Fonte oficial da CGD avança que "não houve qualquer alteração em relação a este tema". Mas o Económico sabe que o anúncio pela FEBASE, a 27 de Janeiro, que as medidas propostas pelos sindicatos iriam ser aplicadas, causou "irritação" junto do presidente do banco estatal e do Governo. Na altura, a CGD reagiu, em comunicado, dando conta que "no âmbito da sua gestão de recursos humanos, não tomou qualquer medida de compensação aos seus trabalhadores". A este respeito Rui Riso realça: "não se tratavam de medidas compensatórias, mas para minimizar os efeitos nos cortes salariais. Até porque, enquanto medidas substitutivas seriam muito incipientes".

Governo "irritado"
Os sindicatos dos bancários da FEBASE garantiram, no final de Janeiro, que tinha sido dada luz verde para aplicar promoções por mérito acima dos 15% dos trabalhadores até ao nível 10, que é o que resulta da contratação colectiva. Segundo o Acordo de Empresa da CGD, o número das promoções por mérito será de 15% do total dos trabalhadores (cerca 23 mil) que, a 31 de Dezembro do ano anterior, integrassem os escalões remuneratórios até 1.550 euros no escalão A ou 1.629,5 euros no escalão B, ambos do nível 10. A FEBASE anunciava aos seus filiados que iria ainda ser criada uma linha de crédito no valor de 10% do rendimento bruto dos colaboradores, que apenas usufruem de condições especiais no crédito à habitação, previstas no acordo colectivo de trabalho.

As soluções anunciadas surgiram depois da contestação aos cortes do 13º e 14º meses que levou, a 25 de Janeiro, à concentração de mais de três mil trabalhadores e reformados do banco, junto à sede em Lisboa.
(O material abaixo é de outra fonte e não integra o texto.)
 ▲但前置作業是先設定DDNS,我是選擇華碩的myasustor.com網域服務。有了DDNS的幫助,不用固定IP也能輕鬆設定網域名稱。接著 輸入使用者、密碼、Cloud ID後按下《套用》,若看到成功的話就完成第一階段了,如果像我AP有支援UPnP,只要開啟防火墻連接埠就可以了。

Num comunicado no site do SBSI, a 27 de Janeiro, os sindicatos dos bancários deram conta que "valeu a pena protestar", anunciando que foi dada a garantia da administração da Caixa em aplicar as propostas dos sindicatos dos bancários para "minimizar as medidas gravosas para os trabalhadores".
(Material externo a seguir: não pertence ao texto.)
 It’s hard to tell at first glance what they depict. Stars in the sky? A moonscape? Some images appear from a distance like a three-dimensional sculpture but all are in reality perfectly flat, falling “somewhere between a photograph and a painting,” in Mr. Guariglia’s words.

Mas a expressão "valeu a pena protestar" terá caído mal junto do Executivo de Passos Coelho que terá forçado a administração da CGD a desmentir que tivesse chegado a acordo com os sindicatos na promoção por mérito além de 15% dos seus colaboradores, contornando dessa forma os cortes dos subsídios de férias e Natal. Fontes governamentais afirmaram mesmo ao Económico que "o Governo ficou irritado" com este episódio, à semelhança do presidente da Caixa, José de Matos.
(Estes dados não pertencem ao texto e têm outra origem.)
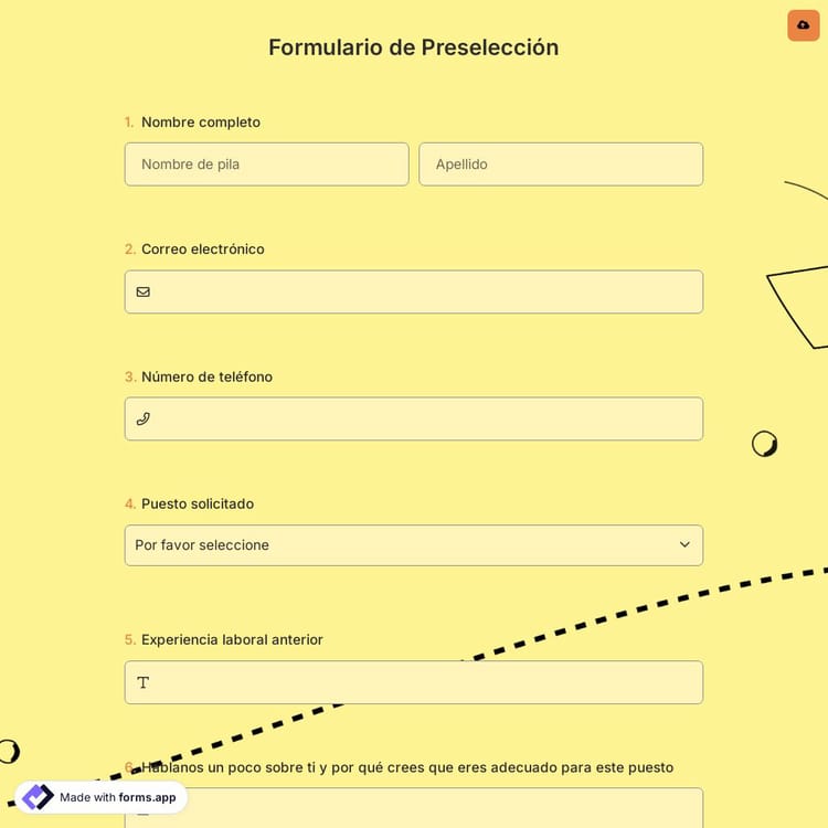 Un formulario de preselección es un tipo de formulario para participantes calificados. Se utiliza para seleccionar a los participantes que formarán el siguiente paso de un evento, examen o entrevista. Puede satisfacer esta necesidad con la plantilla gratuita proporcionada por forms.app. ¡Empiece a utilizar la plantilla de formulario de lista corta ahora!

CGD nega medidas compensatórias
A reacção ao comunicado da FEBASE não tardou. Também em comunicado, a CGD negou ter tomado qualquer "medida extraordinária", acrescentando não serem, por isso, "verdadeiros os factos relatados por alguns sindicatos e reproduzidos pela imprensa", contrariando a informação dada aos sindicatos que as medidas iriam ser aplicadas, numa garantia prestada telefonicamente à FEBASE pelo Director Central da Direcção de Pessoal (DPE).

A administração da CGD negou, contudo, qualquer alteração à sua política de promoções e assegurou que prossegue "uma política de contenção de promoções sem qualquer percentagens predefinidas".

"É completamente falso que a gestão corrente dos seus recurso humanos possa ser entendida como qualquer medida para contornar a lei ou para compensar os seus trabalhadores pelos impactos da Lei do Orçamento de Estado 201", sublinhou a instituição em comunicado, datado de 28 de Janeiro.